El alarmante aumento de la inactividad económica destacado en su informe (el Reino Unido se hunde en una epidemia de desempleo, advierte el jefe de Tesco, 10 de febrero) pone de relieve un problema de salud pública además de económico. Es cada vez más claro que millones de personas en edad de trabajar están abandonando la fuerza laboral no por elección sino debido a problemas de salud a largo plazo y sistemas de apoyo inadecuados a su alrededor.
Abordar el desempleo requiere enfoques proactivos y centrados en la salud que ayuden a las personas a permanecer o regresar al trabajo. También sabemos que los paros laborales son corrosivos. El trabajo de buena calidad mejora el bienestar físico y mental, proporciona ingresos, conexión social y propósito, y protege contra la exclusión social.

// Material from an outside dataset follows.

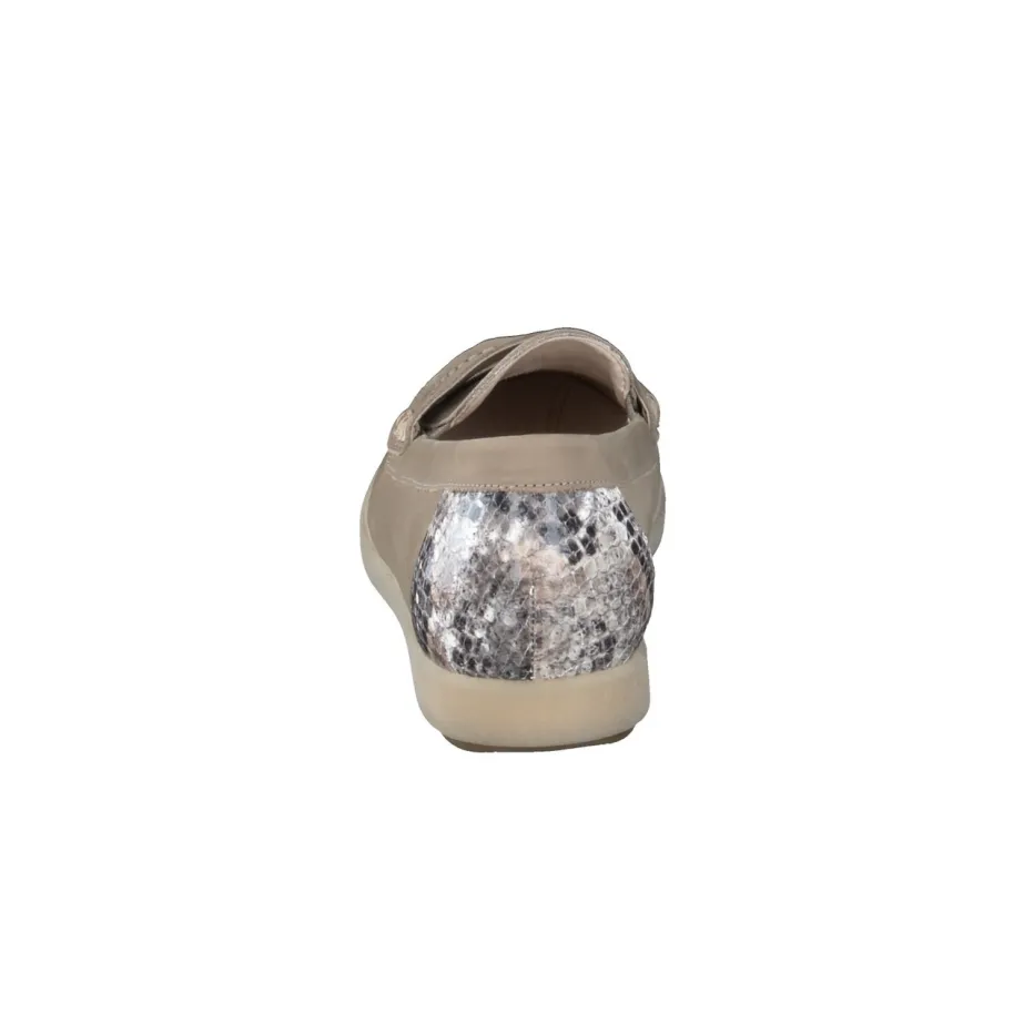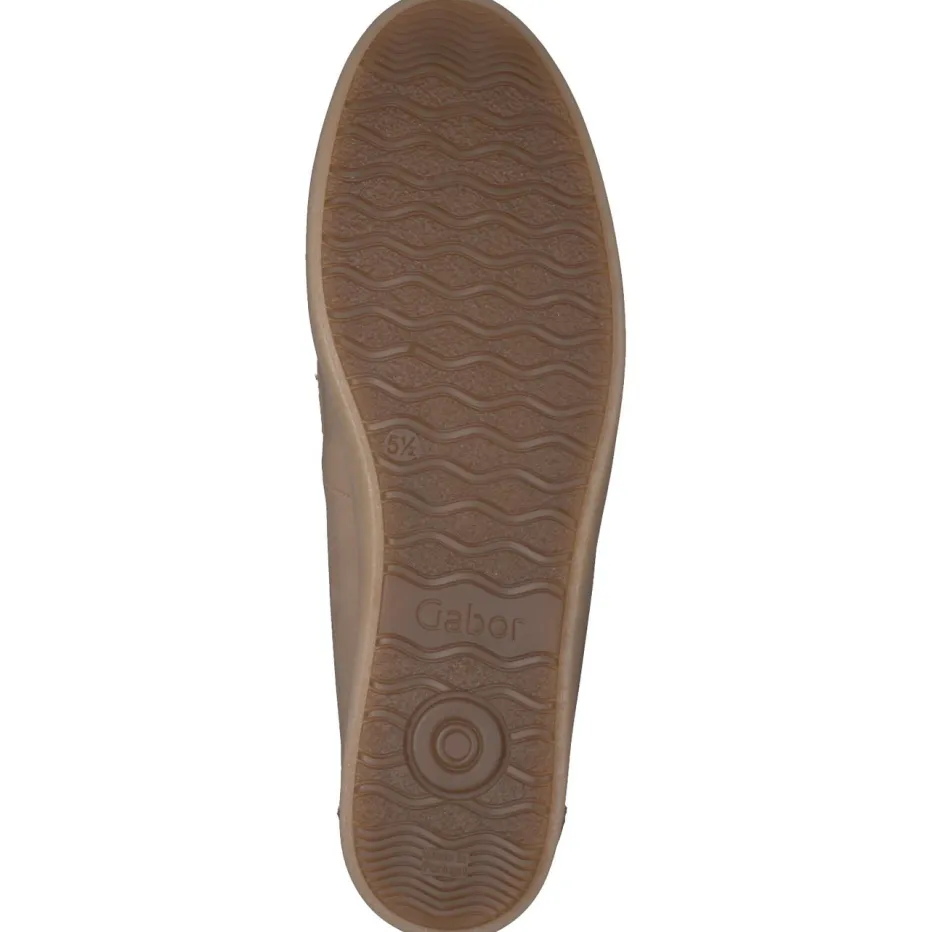 Eleganter Komfort für vielseitige Outfits.Gabor Comfort präsentiert einen bequemen Damen-Slipper in klassischer Loafer-Optik. Ideal für Tage mit wechselnden Anforderungen: Das beigefarbene Nubukleder wirkt durch seine matte, samtige Oberfläche edel und zurückhaltend. Die tonige Ziernaht und der charakteristische Loafer-Riegel betonen das geradlinige Design, während die strukturierte Fersenkappe in stilvoller Schlangenprägung einen modischen Akzent setzt. Dank elastischer Einsätze und weich gepolsterter, herausnehmbarer Innensohle bietet er angenehmen Halt bei langer Tragedauer – auch im Büro. Die leichte Gummisohle unterstützt einen sportlich-eleganten Look und sorgt für Alltagskomfort. Ein harmonisch abgestimmter Schuh, der Komfort und subtile Raffinesse vereint.

La salud en el lugar de trabajo debería ser una parte clave de este apoyo, incluida la intervención temprana para enfermedades crónicas y asociaciones más sólidas entre los servicios de salud, los empleadores y las agencias de apoyo al empleo. La evidencia muestra que las personas con licencia por enfermedad luchan por encontrar trabajo sin un apoyo específico y una reforma del sistema, y el desempleo relacionado con la salud seguirá creciendo.
Los empleadores también tienen un papel que desempeñar en la integración de apoyo sanitario de alta calidad en los lugares de trabajo y en la realización de ajustes razonables para permitir que las personas con problemas de salud participen plenamente. Sólo combinando iniciativas de regreso al trabajo centradas en la salud y oportunidades económicas podremos revertir la tendencia al aumento de la inactividad y ayudar a las personas a desarrollar su potencial.